Detailed Documentation
This document presents a comprehensive MATLAB implementation of PCA+Fisher face recognition methodology. The package includes a complete image database specifically designed for testing and validating facial recognition algorithms.
Principal Component Analysis (PCA) serves as the foundational dimensionality reduction technique in this implementation, which computationally transforms high-dimensional facial data into a lower-dimensional feature space while preserving maximum variance. The MATLAB code efficiently calculates eigenvectors and eigenvalues from the covariance matrix of training images, typically using built-in functions like 'pca' or 'eig' for optimal performance.
The Fisher Linear Discriminant method complements PCA by implementing class separation optimization. The algorithm computes between-class and within-class scatter matrices to determine the optimal projection direction that maximizes class separability. Key functions in the MATLAB implementation include scatter matrix calculations and eigenvalue decomposition for discriminant feature extraction.

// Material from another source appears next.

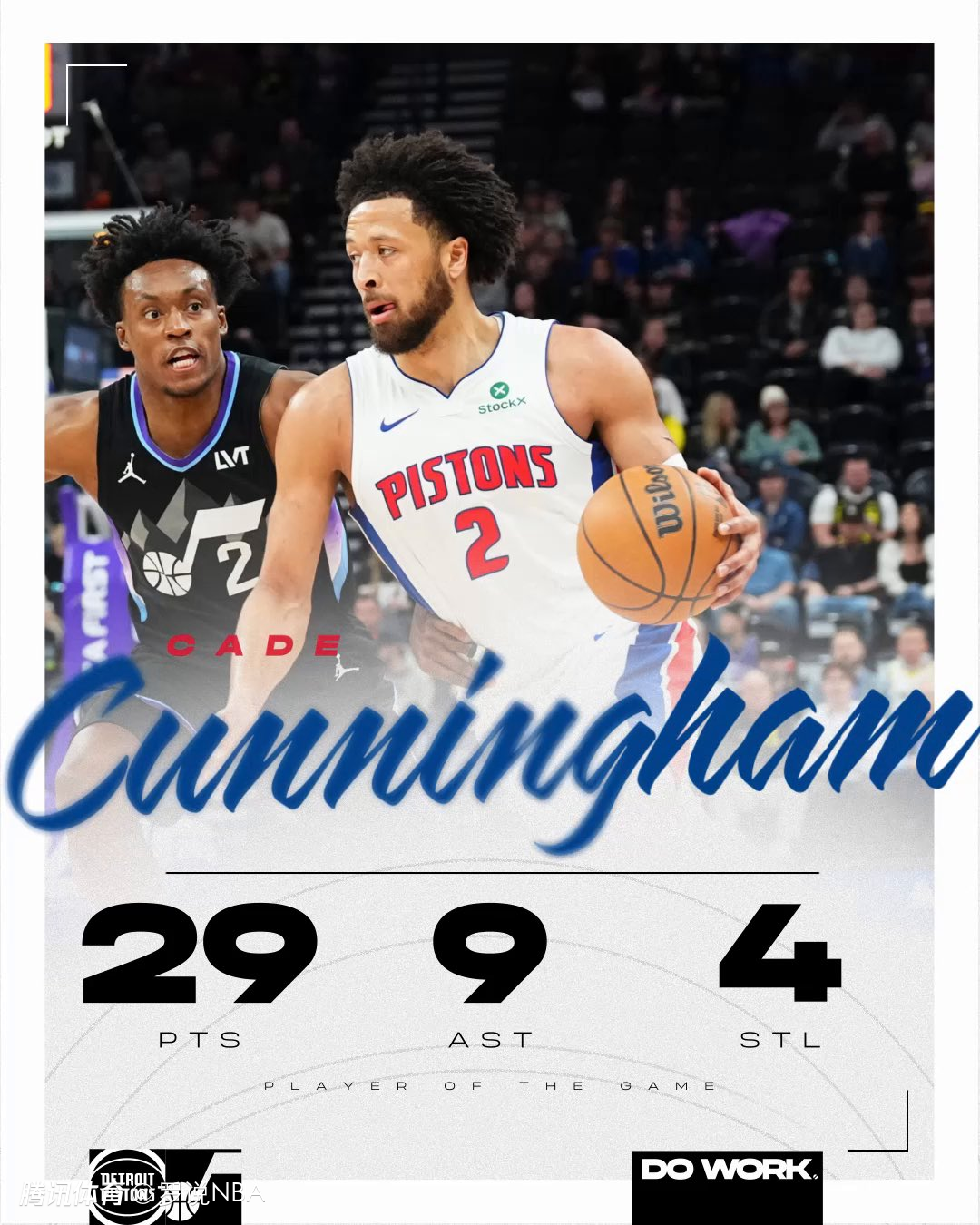 坎宁安29分9助攻,带领活塞大胜爵士。活塞依然位居东部第6,但他们有望继续提升排名。这匹联盟最大的黑马,现在距离前面的雄鹿和步行者都只差0.5个胜场了。

The integrated approach utilizes PCA for initial feature reduction followed by Fisher's method for enhanced classification performance. The accompanying image database contains pre-processed facial images organized in training and testing sets, allowing users to validate the algorithm's accuracy through cross-validation techniques.
This implementation demonstrates practical MATLAB programming techniques for image processing, including image normalization, feature extraction, and classification algorithms. Users can modify parameters such as the number of principal components and discriminant thresholds to optimize recognition performance for different scenarios. The code structure follows modular design principles, separating data preprocessing, training, and testing phases for clear understanding and easy customization.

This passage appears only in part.